*WHAT TO DO:* From the line containing "The 3 pcs Airtight Press-to-Seal Food Storage Container set" to the end of the records, print every line exactly, both ends included, and leave out the pictures.

*Stored items:*
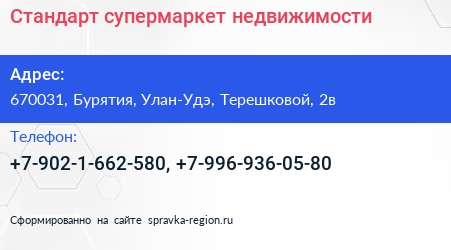 Стандарт, супермаркет недвижимости по адресу 670031, Бурятия, Улан-Удэ, Терешковой, 2в в дальнейшем Организация, размещена в следующих категориях:
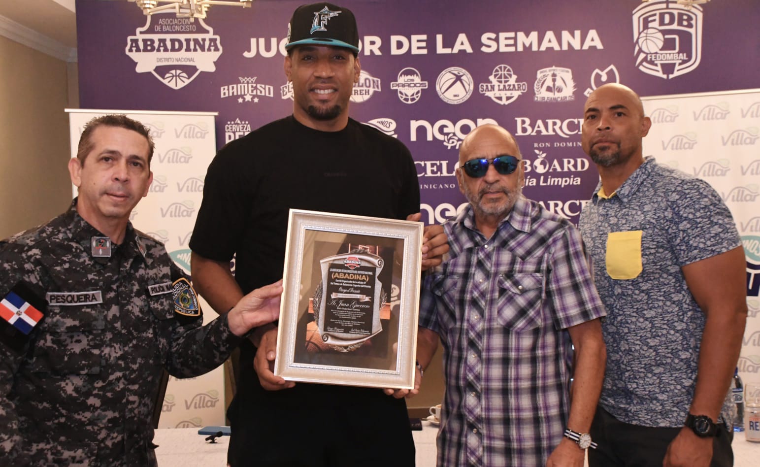 El coronel (PN) Diego Pesqueira, presidente de Abadina, y Fernando Teruel, director general del TBS Distrito 2023 entregaron los premios a Guerrero, quien fue acompañado por el exjugador Jorge Almánzar (La Tata), actual presidente del club San Carlos.
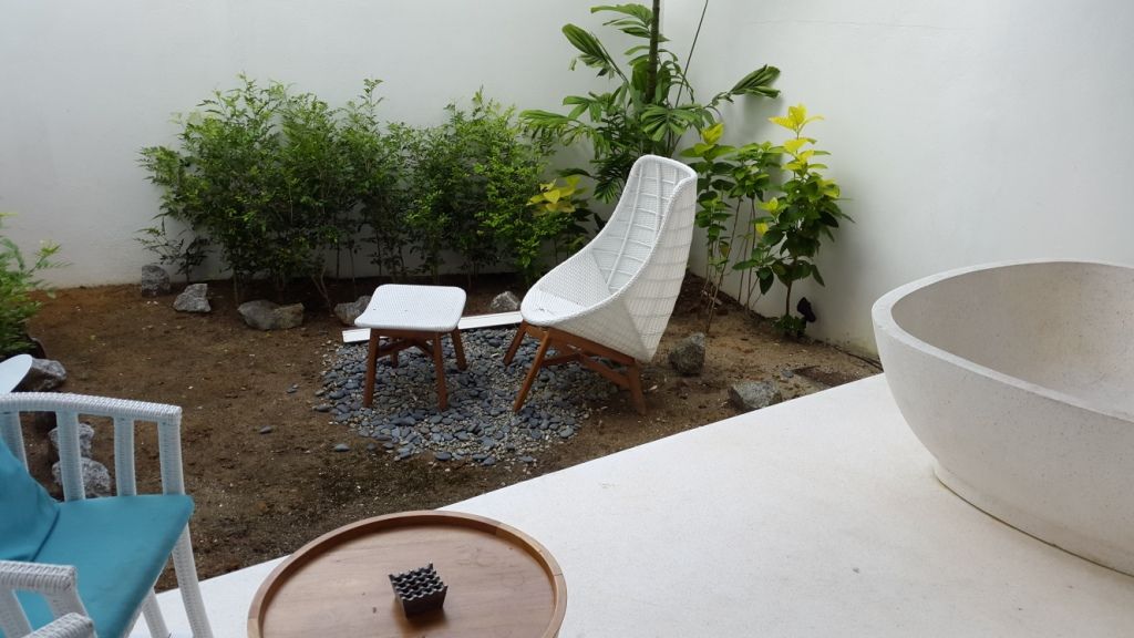 - DASH DELUXE (41 кв. м) – вид на сад или бассейн, спальня, ванная комната, балкон.
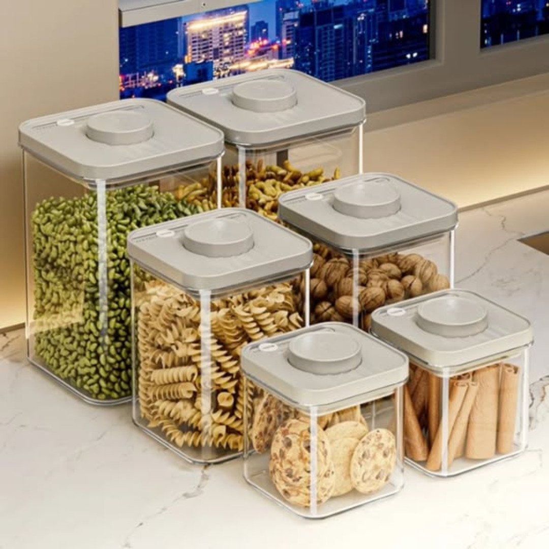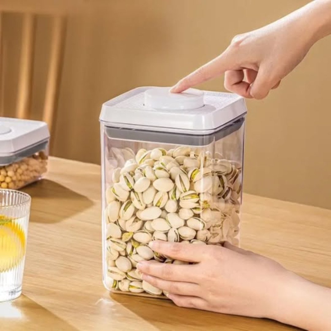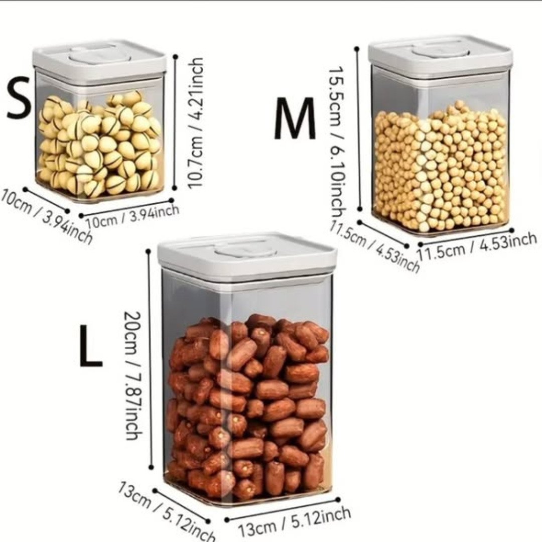 The 3 pcs Airtight Press-to-Seal Food Storage Container set brings advanced technology to your kitchen organization. Gone are the days of struggling with difficult latches; these containers feature a “press-to-seal” lid that creates a vacuum-tight environment with a single touch. The 3 pcs Airtight Press-to-Seal Food Storage Container with Lid is perfect for Kitchen Organization, Ideal for Grains, Pasta, Tea, Nuts & Coffee Beans. By removing excess air, it preserves the delicate flavors and aromas of your favorite ingredients, ensuring they taste fresh every time you use them.
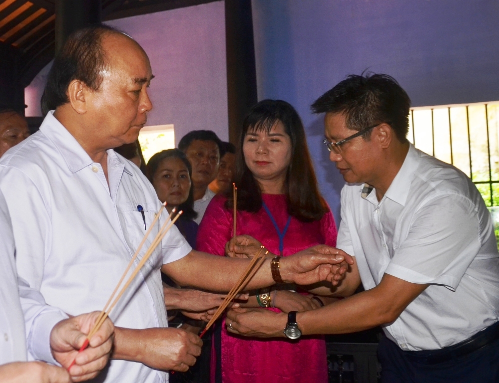 Thủ tướng Chính phủ Nguyễn Xuân Phúc và Phó Bí thư Thường trực Tỉnh ủy Bùi Thanh Hà cùng đoàn đến thăm Di tích Nhà lưu niệm Chủ tịch Hồ Chí Minh. Ảnh: Võ Nhân
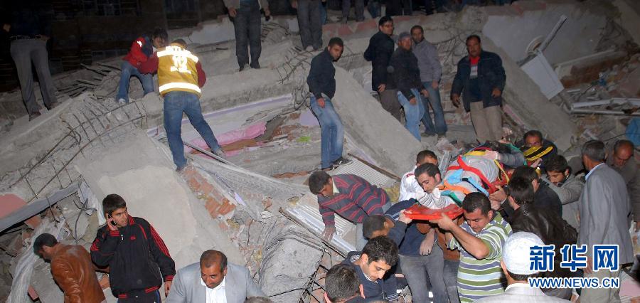 10月23日,在土耳其東部凡省地震災區(qū),當?shù)鼐用駨膹U墟中救出一名傷員。土耳其總理埃爾多安23日說,到目前為止,土耳其東部凡省發(fā)生的強烈地震已經(jīng)造成138人死亡、350人受傷。新華社/阿納多盧通訊社

*ANSWER SECTION:*
 The 3 pcs Airtight Press-to-Seal Food Storage Container set brings advanced technology to your kitchen organization. Gone are the days of struggling with difficult latches; these containers feature a “press-to-seal” lid that creates a vacuum-tight environment with a single touch. The 3 pcs Airtight Press-to-Seal Food Storage Container with Lid is perfect for Kitchen Organization, Ideal for Grains, Pasta, Tea, Nuts & Coffee Beans. By removing excess air, it preserves the delicate flavors and aromas of your favorite ingredients, ensuring they taste fresh every time you use them.
 Thủ tướng Chính phủ Nguyễn Xuân Phúc và Phó Bí thư Thường trực Tỉnh ủy Bùi Thanh Hà cùng đoàn đến thăm Di tích Nhà lưu niệm Chủ tịch Hồ Chí Minh. Ảnh: Võ Nhân
 10月23日,在土耳其東部凡省地震災區(qū),當?shù)鼐用駨膹U墟中救出一名傷員。土耳其總理埃爾多安23日說,到目前為止,土耳其東部凡省發(fā)生的強烈地震已經(jīng)造成138人死亡、350人受傷。新華社/阿納多盧通訊社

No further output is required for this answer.